[GIVEN RECORDS]
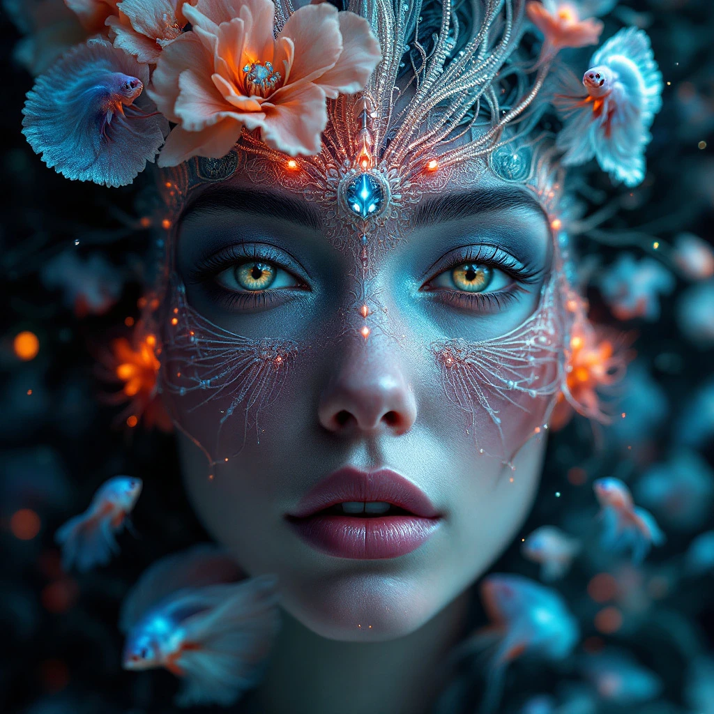 Goddess close-up portrait ribcagel. jellyfish phoenix head, nautilus, orchid, skull, betta fish, bioluminiscent creatures, intricate artwork . octane render, trending on artstation, t symmetrical artwork. cinematic, hyper realism, high detail, octane render, 8k
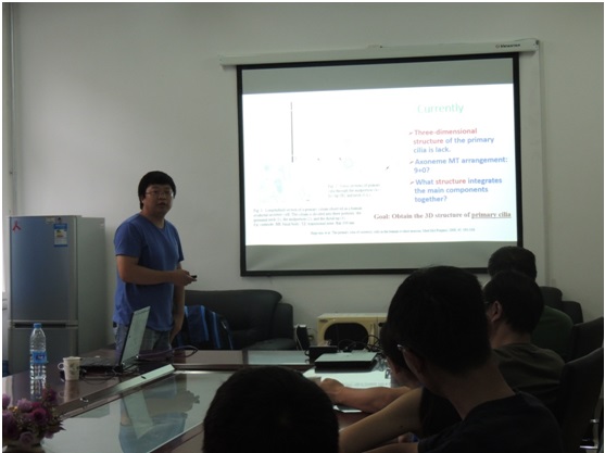 孙书锋博士的研究领域为结构生物学。在题为“Three-dimensional structure of primary cilia in kidney cells”的报告中,孙博士详细介绍了肾脏原纤毛的三维结构:9条微管在原纤毛基部往上伸展、并逐个到达各自的顶端,形成纵向上高低参次的形态,由此决定了原纤毛的直径由基部到顶端逐渐变细,可能对维持原纤毛的稳固性起着重要作用。其研究结果可能形成对微管“9+2”或“9+0”模式的新的认知。此外,孙博士还分享了在样本制备、电镜扫描、计算等过程中出现的问题及解决方案。孙书锋博士的报告深入浅出、条理清晰,并提供了自身的研究历程、研究心得,在座的老师和同学们都受益匪浅。最后老师和同学们对报告中的疑问进行了提问,大家展开了深入的讨论。
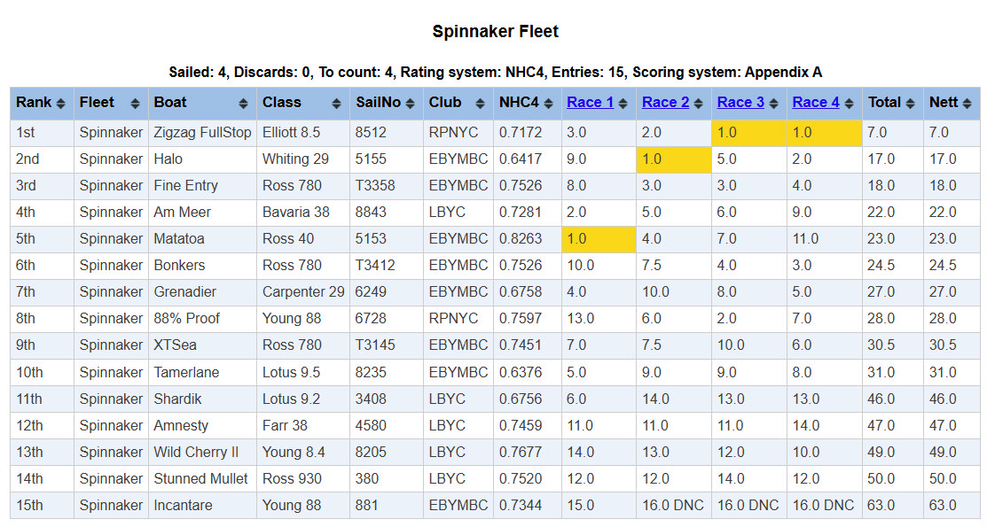 The second loop went well with Funny doing a great job on another spinnaker hoist as we sailed down to the mark and then back up to cross the finish line at 1421 hrs getting 5th place on handicap.
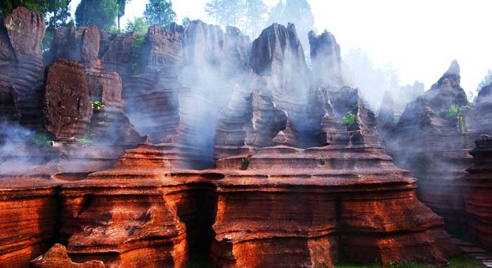 三、天下唯一的自然奇觀 走進古丈紅石林國家地質公園,就如同走進了一個夢幻般的世界,成柱成片的紅色石林、石崖、石墻、石峰,分布在群山峻嶺之中。石林造型千姿百態(tài),有的象總統(tǒng)頭像,巨人屹立,有的如神龜探海,鷹擊長空;有的像紫荊花怒放,海洋冰床,有的像城堡峰塔,大廈高樓,有的如樓蘭古城、駝鈴聲聲,有的像乳燕待哺、蝸牛搬家、有的如七彩迷宮、利劍刺空;有的像航母巡游、石兵列陣;有的如少女出浴、觀音坐蓮;有的像石鞭候主、靈龜探海;有的如棕熊迎客、天狗吠日;有的如水獺望云、母雞搗窩……尤以“大地劇場”、“巨人園”、“古城故宮”為奇石絕景中的最佳。
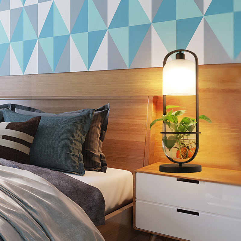 Lampe de chevet LED en métal industriel avec bac à plantes - Design ovale noir pour salon
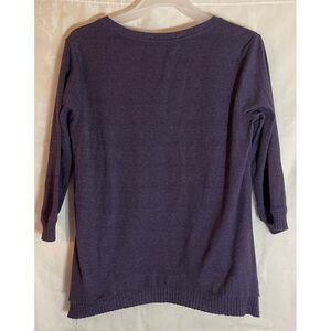 Versatile navy blue purple knit sweater with 3/4 sleeves and a relaxed fit. Features a classic crew neckline and ribbed trim details. Perfect for casual outings, office wear, or weekend brunches. The soft knit material offers comfort while maintaining a polished look. In good condition with minimal wear.
[/GIVEN RECORDS]
#### EXERCISE DETAILS
Would you transcribe exactly, and only, the lines from the one containing "Lampe de chevet" through the last line of the records above, both included, leaving out the pictures?

#### TASK RESULT
 Lampe de chevet LED en métal industriel avec bac à plantes - Design ovale noir pour salon
 Versatile navy blue purple knit sweater with 3/4 sleeves and a relaxed fit. Features a classic crew neckline and ribbed trim details. Perfect for casual outings, office wear, or weekend brunches. The soft knit material offers comfort while maintaining a polished look. In good condition with minimal wear.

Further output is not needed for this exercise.